Le 26 juillet 2021, la caisse primaire d'assurance maladie de Lille-Douai notifiait à Mme [K] son refus d'indemniser l'arrêt de travail au motif qu'il avait été déposé postérieurement à la période de repos prescrite.
Mme [K] a saisi la commission de recours amiable d'une contestation de cette décision, puis suite au rejet de sa demande, le tribunal judiciaire de Douai.
Par jugement en date du 13 juin 2022, le pôle social du tribunal judiciaire de Douai a :
- jugé que Mme [K] avait droit au bénéfice d'indemnités journalières pour la période allant du 14 au 18 juillet 2021,
- condamné la CPAM de Lille-Douai aux éventuels dépens.
Cette décision a été notifiée à la CPAM de Lille-Douai qui en a relevé appel le 18 juillet 2022.
Les parties ont été convoquées à l'audience du 19 octobre 2023.

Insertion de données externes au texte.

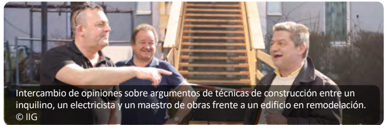
Intercambio de opiniones sobre argumentos de técnicas de construcción entre un inquilino, un electricista y un maestro de obras frente a un edificio en remodelación.
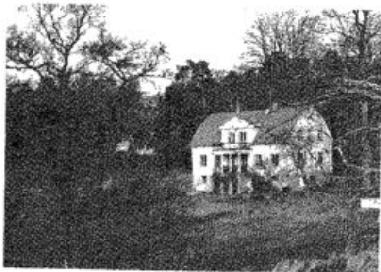
Didriksdal 1992. Huset byggdes 1926 då det gamla revs.
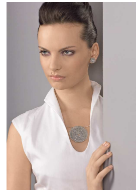
Design: Niessing Manufaktur

Während viele Luxushersteller über Absatzeinbußen klagen, steigt die globale Nachfrage nach Platin deutlich. Wie kein zweites Material steht es für Authentizität, Verlässlichkeit und wahre Werte. Damit hat dieses seltenste aller Schmuckmetalle schon die berühmtesten Juweliere eingefangen – und das seit hunderten von Jahren. Aber Platin hat es seinen Liebhabern nie leicht gemacht: Es ist eines der

Par conclusions, visées le 21 août 2023 et soutenues oralement à l'audience, la CPAM de Lille-Douai demande à la cour de :
- infirmer le jugement du tribunal judiciaire de Douai du 13 juin 2022 en toutes ses dispositions,
- confirmer la décision de refus d'indemniser l'arrêt de travail pour la période du 14 juillet 2021 au 18 juillet 2021 prise à l'encontre de Mme [S] [K].
Elle indique avoir reçu l'arrêt de travail postérieurement à la période de repos prescrite.
Elle soutient que l'attestation produite en première instance par l'assurée ne comporte pas les mentions requises par l'article 202 du code de procédure civile et qu'elle n'est corroborée par aucun élément objectif.
Elle soulève que l'attestation du médecin prescripteur n'a pas d'autre objet que d'attester de l'état de santé de l'assurée et qu'elle ne permet pas de démontrer que la prescription a été déposée dans les délais.
Elle ajoute que lorsque l'arrêt est transmis après la fin du repos prescrit, la caisse est fondée à refuser le versement des indemnités journalières sans avoir à prononcer un avertissement préalable.
Mme [S] [K], régulièrement convoquée, est absente et non représentée. Elle a adressé des pièces par courrier reçu au greffe le 18 octobre 2023 mais n'a pas comparu et n'a pas demandé de dispense de comparution.
La procédure étant orale, la cour n'est saisie d'aucune prétention de Mme [S] [K].
Conformément à l'article 455 du code de procédure civile, il est renvoyé aux écritures des parties s'agissant de la présentation plus complète de leurs demandes et des moyens qui les fondent.
MOTIFS
La caisse primaire d'assurance maladie de Lille-Douai sollicite la confirmation de sa décision de refus d'indemniser l'arrêt de travail de Mme [K].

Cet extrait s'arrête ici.